Jesús está profundamente sorprendido por este hombre. El Evangelio de Marcos subraya que teniendo misericordia de él, extendió la mano y le tocó, y le dijo: Quiero, sé limpio (Mc 1,41). El gesto de Jesús acompaña sus palabras y hace más explícita su enseñanza. Contra las disposiciones de la Ley de Moisés, que prohibía acercarse a un leproso (cfr. Lv 13,45-46), Jesús extiende la mano e incluso le toca. ¡Cuántas veces encontramos a un pobre que viene a nuestro encuentro! Puede que hasta seamos generosos, que tengamos compasión, pero habitualmente no lo tocamos. Le damos la moneda, se la echamos ahí, pero evitamos tocarle la mano. ¡Y olvidamos que ese es el cuerpo de Cristo! Jesús nos enseña a no tener miedo de tocar al pobre y al excluido, porque Él está en ellos. Tocar al pobre puede purificarnos de la hipocresía y preocuparnos por su condición. ¡Tocar a los excluidos! Hoy me acompañan aquí estos chicos. Muchos piensan de ellos que es mejor que se hubieran quedado en su tierra, pero allí sufrían mucho.
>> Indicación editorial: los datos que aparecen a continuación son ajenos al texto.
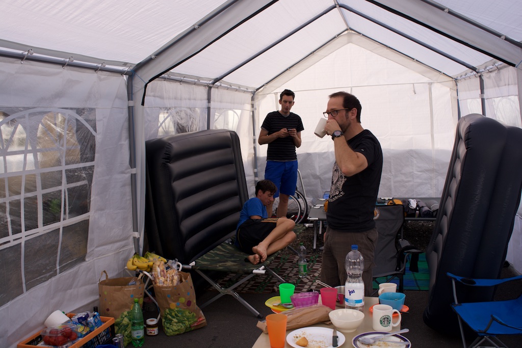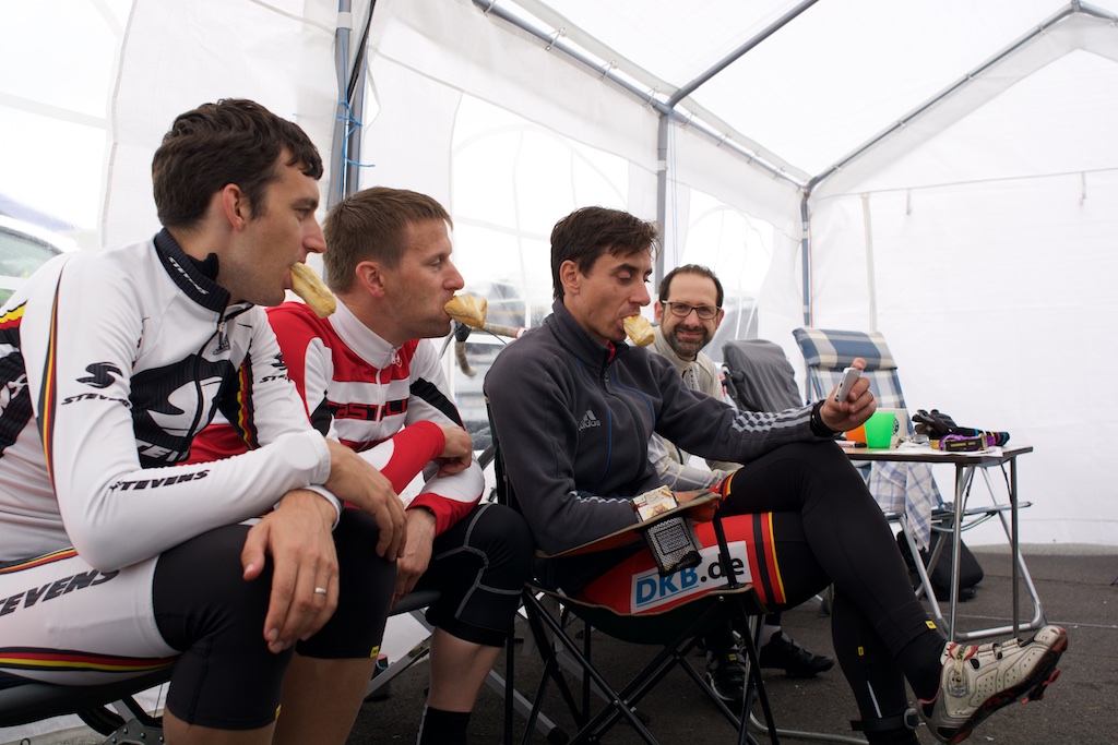 …diesesmal ohne Rollschuhe sollte es sein. Am letzten Wochenende waren wir, Robert, Sören, Markus, Conny, Jenny und ich am Nürburgring um das 24h Rad am Ring (Jenny das Jedermannrennen und Conny als Betreuung fürs Team) Rennen mitzumachen. Eine ziemlich coole Veranstaltung, die Strecke (26km) mit einem echt krassen Profil (siehe unten). Leider hatten wir nicht so viel Glück mit dem Wetter, die Nacht vom Freitag zum Samstag hat es quasi durchgeregnet und gestürmt wie verrückt, das ganze hat sich bis in den Samstag nachmittag durchgezogen so das der Veranstalter dann beschlossen hat, dass Rennen erst 20:00 Uhr zu starten und das Jedermannrennen zum Unglück von Jenny zu streichen. Wir waren dann quasi 24 Stunden damit beschäftigt unser Zelt abzudichten und am Boden zu halten…Am Samstag Abend war die Strecke aber trocken und gut zu fahren, Sonntag war das Wetter sogar wirklich fantastisch. Interessant sind die Geschwindigkeiten die gefahren werden und die Erfahrung im Dunklen zu radeln, bei Nacht werden auf der ganzen Strecke genau 3 kritische Stellen beleuchtet, ansonsten hat man besser ein ordentliches Licht am Start 😉 Fürs erste Mal haben wir uns glaub ich mit Platz 72 ganz gut geschlagen, hart war danach noch am Sonntag nach Hause zu fahren, würde ich beim nächsten Mal anders machen, man ist einfach nach 48h ohne richtigen Schlaf echt durch.

Son nuestros refugiados, pero muchos los consideran excluidos. ¡Por favor, son nuestros hermanos! El cristiano no excluye a nadie, da sitio a todos, deja venir a todos.
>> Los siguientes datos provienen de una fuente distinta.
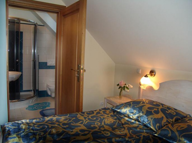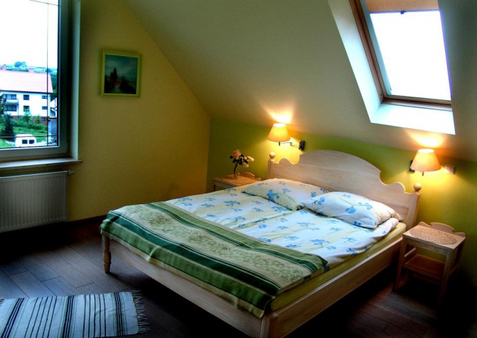 Pokoje 2,3-osobowe oraz apartament 5-osobowy.

Después de haber curado al leproso, Jesús le manda que no se lo diga a nadie, pero le dice: muéstrate al sacerdote, y ofrece por tu purificación, según mandó para testimonio a ellos (v. 14). Esta disposición de Jesús muestra al menos tres cosas. La primera: la gracia que actúa en nosotros no busca el sensacionalismo. Habitualmente se mueve con discreción y sin ruido. Para curar nuestras heridas y guiarnos al camino de la santidad, trabaja modelando pacientemente nuestro corazón según el Corazón del Señor, para asumir cada vez más sus pensamientos y sentimientos. La segunda: haciendo comprobar oficialmente la curación realizada a los sacerdotes y celebrando un sacrificio expiatorio, el leproso es readmitido en la comunidad de los creyentes y en la vida social. Su reintegro completa la curación. Como él mismo había suplicado, ¡ahora está completamente purificado! Finalmente, presentándose a los sacerdotes, el leproso les da testimonio de Jesús y de su autoridad mesiánica. La fuerza de la compasión con la que Jesús ha curado el leproso, ha llevado la fe de este hombre a abrirse a la misión. Era un excluido, ahora es uno de nosotros.
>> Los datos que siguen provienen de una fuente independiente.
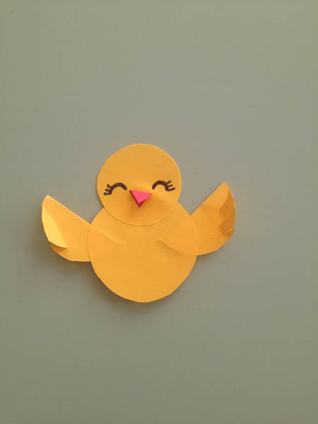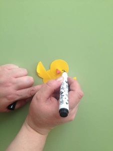 1. Фломастером чёрного цвета рисуем получившемуся цыплёнку глазки.

Pensemos en nosotros, en nuestras miserias… Cada uno tiene la suya. Pensemos con sinceridad. ¡Cuántas veces las tapamos con la hipocresía de las ‘buenas maneras’. Y entonces es necesario estar solos, ponerse de rodillas ante Dios y rezar: ¡Señor, si quieres, puedes limpiarme! Hacedlo, hacedlo antes de ir a dormir, todas las noches. Y ahora digamos juntos esta bonita oración: ¡Señor, si quieres, puedes limpiarme!
Fuente: vatican.va / romereports.com.
Traducción de Luis Montoya.
[1] En italiano dice “purificarme”, pero la versión castellana siempre traduce “limpiarme” (ndt).